The course has completely been redesigned; all students are expected to work in groups of five on an exciting, open-ended, data-oriented, quarter-long project, in a sense, operating and simulating startup environments. Needless to say, this rewarding experience is accompanied by a significant development effort (in Python) that spans hands-on experience on concepts such as memory and disk management, synchronization and concurrency, logging and recovery, and query optimization and evaluation, to name a few. To materialize these objectives, together this quarter, we will be building simplified L-Store [Paper, Slides] from scratch, an Hybrid Transactional and Analytical Processing (HTAP) database.

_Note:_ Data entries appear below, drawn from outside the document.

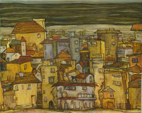 韦宇欢《小镇》51cm×75cm 2023年 纸本水彩
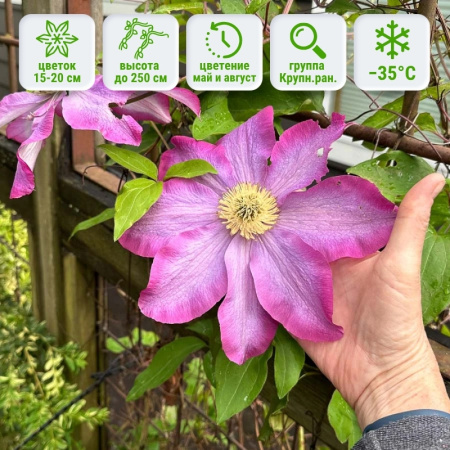 Первый спорный момент этого сорта - а каков всё же его цвет? Одни находят его темно-розовым с лиловой полосой, другие ярко-розовым с бледным центром, третьи величают его красным с бледно-лиловой полосой. И это тот самый наглядный пример того, как разные условия выращивания влияют на растение. Цветок также заметно разнится в разные сроки цветения. Так в мае-июне сорт клематис Какио выдает около 8-ми чашелистиков (реже больше), которые у своего основания слегка перекрываются, а в августе-сентябре цветки менее пышные с меньшим количеством лепестков. Диаметр цветка 15-20 см!Змеящаяся вверх лиана карабкается довольно высоко, взрослое растение может достичь 3 м. При этом клематис Kakio не занимает вширь много пространства, разветвление его слабое и потому он идеально вписывается в узкие пространства. А потому компактность его позволяет выращивать его в больших контейнерах и располагать в любой сложной зоне сада. Зимостойкость до -34℃. Группа обрезки 2.
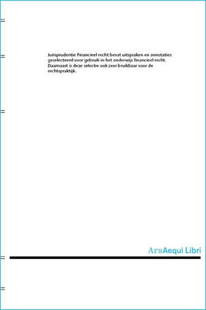 Jurisprudentie Financieel recht bevat uitspraken en annotaties geselecteerd voor gebruik in het onderwijs financieel recht. Daarnaast is deze selectie ook zeer bruikbaar voor de rechtspraktijk.
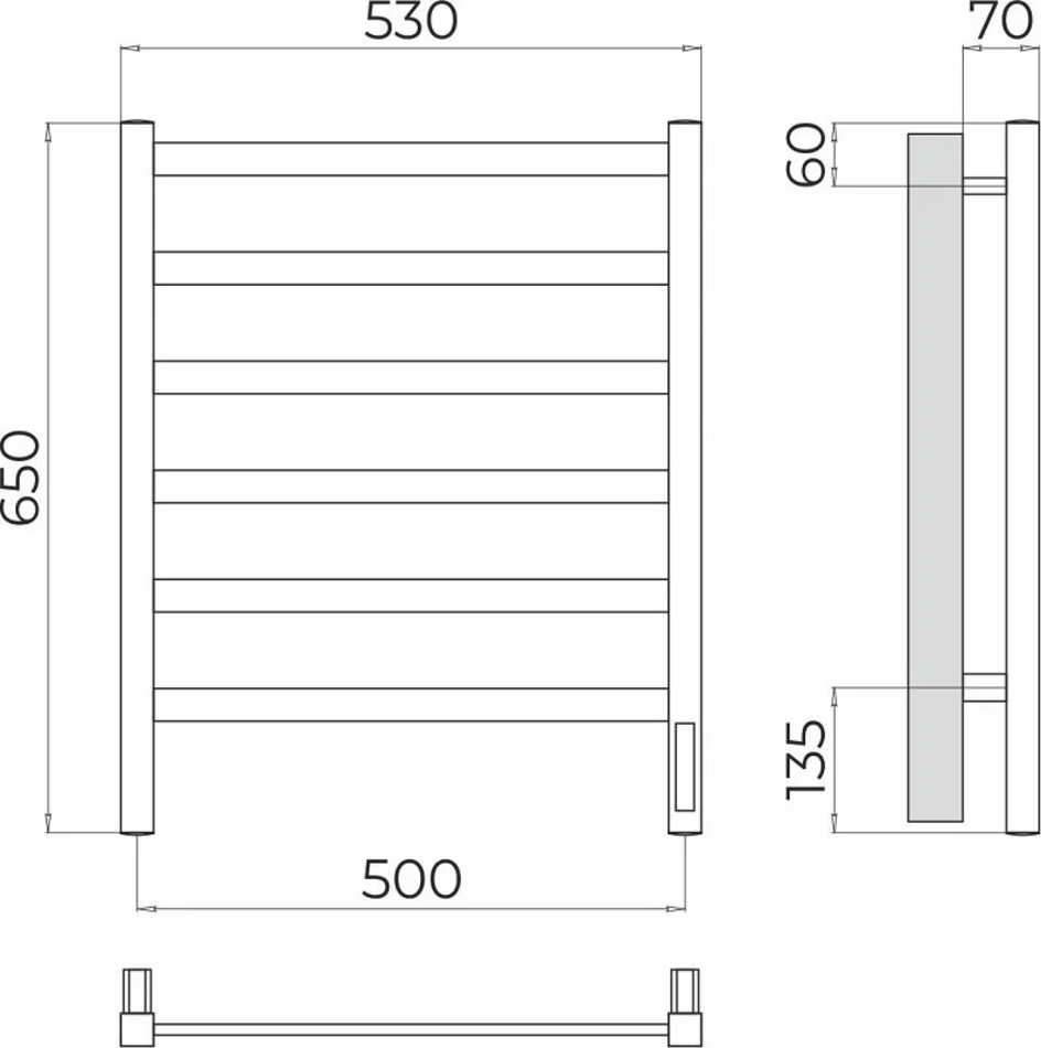Полотенцесушитель электрический Terminus Ното П6 500х650 электро 4670078544520, ширина 50 см, высота 65 см, диммер справа, нержавеющая сталь
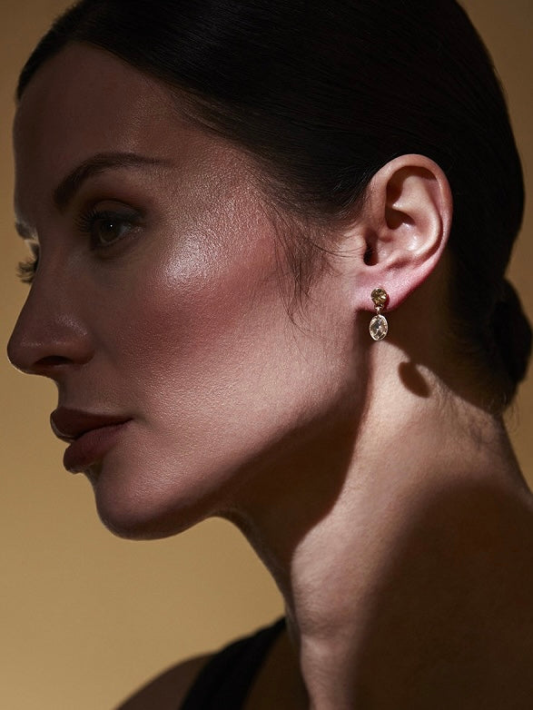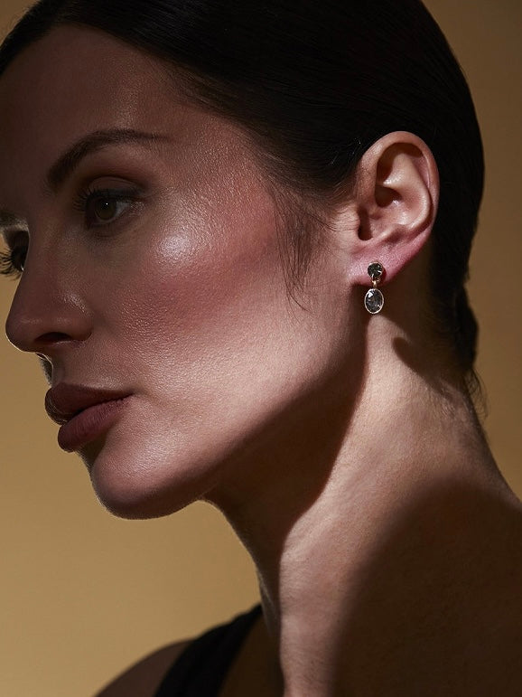 Dekorative Ohrhänger aus Messing in ovaler Form mit 2 eingefassten Glassteinen.
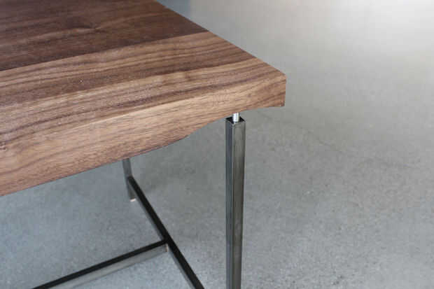 La pata de la horquilla fue diseñada por Enrique vidrio en 1941 para los muebles de estilo americano. Un simple "V" de varilla de acero fue conectado a un plano soporte "L", armado con un ligero ángulo. Piernas de horquilla producción
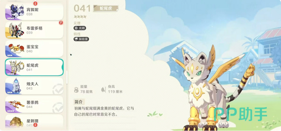 在探索崩坏因缘精灵中各类精灵特点的过程中,若玩家希望获取具备独特属性的宠物,蛇尾虎无疑是一个值得考虑的选择。作为兼具蛇与虎双重特征的生物,它不仅外形极具辨识度,还拥有探险家的独特天赋,在实战中的表现也相当亮眼,因此在阵容搭配中的出场频率较高。
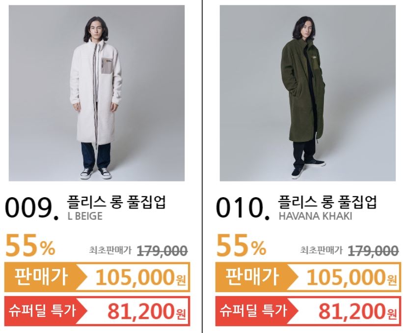할인 품목 : 후드티, 점퍼 등
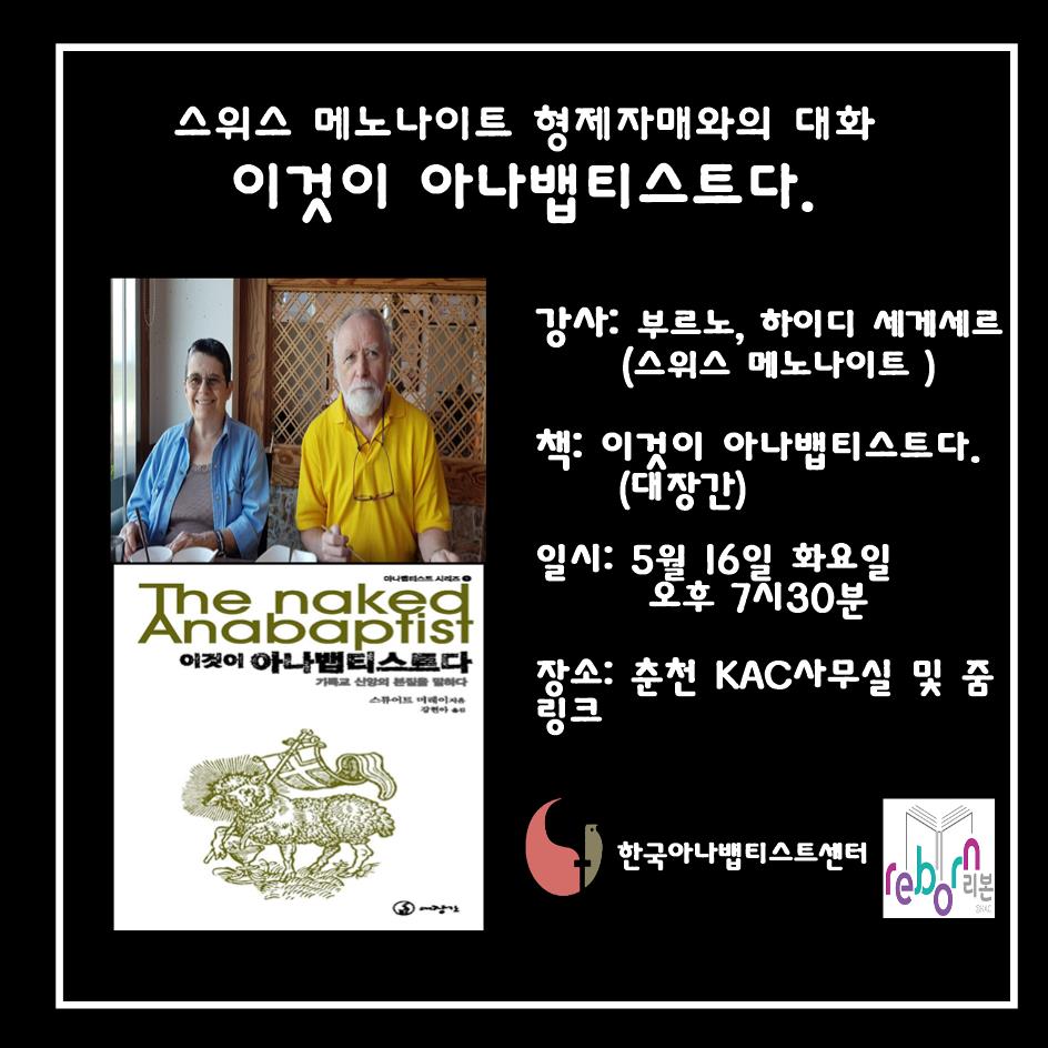책은 대장간에서 출간한 <이것이 아나뱁티스트다>를 가지고 진행될 예정입니다.
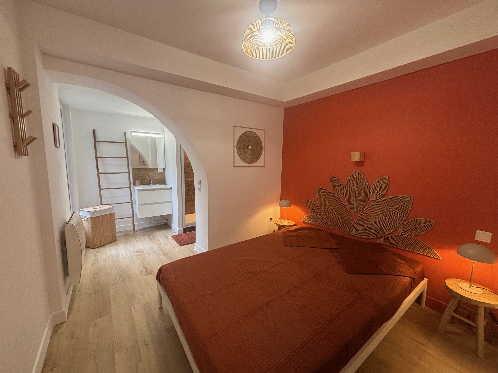 Une chambre avec salle d'eau ouverte ainsi qu'un WC séparé.
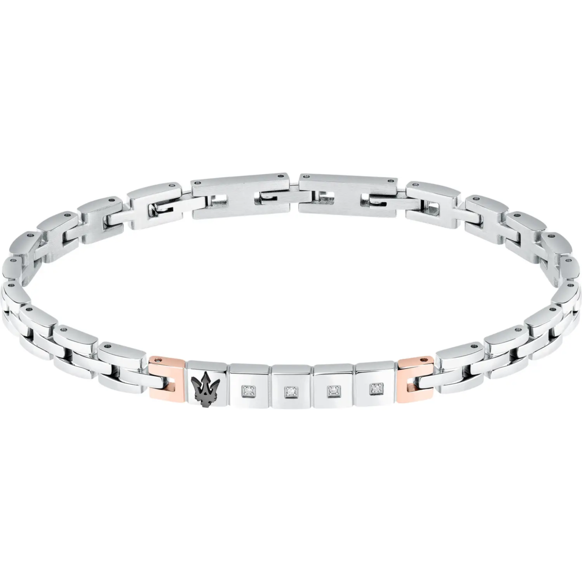 Bracciale uomo maserati, JM423ATY19, collezione diamonds, in acciaio e diamanti, lunghezza 18cm+3, 5cm
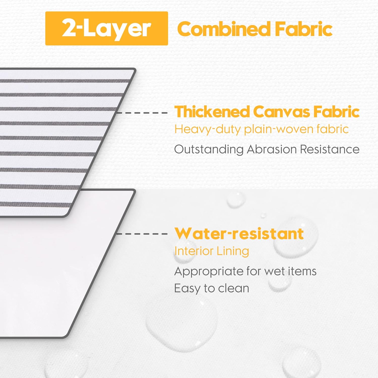 • Sturdy & Waterproof Material – Made of thickened canvas fabric with a layer of PE coating lining, the basket provides high tear resistance while the lining is waterproof which allows you to store wet clothes or other moist items

The coursework is complementary to the classical well-formed, prescriptive model of assignments/projects that are indeed effective and invaluable in practice. Instead by design, the project is intended to be open-ended, namely, minimal instructions and requirements will be provided, as such it rewards and values research & development, taking risks, above all, it is aimed to foster and tap into the creativity of each individual.

The quarter-long project is broken into a set of three milestones. You will have a choice on how your milestone will be graded. Either (1) the entire grade will be determined by the autograder or (2) 50% of the grade will be determined by the autograder and 50% will be determined through oral presentation. Prior to the deadline for each milestone, each group must decide between option (1) or (2); once each group submits their choice, this cannot be changed for that milestone. Each group must vote on option (1) or (2) internally, and the vote of the majority will determine the choice.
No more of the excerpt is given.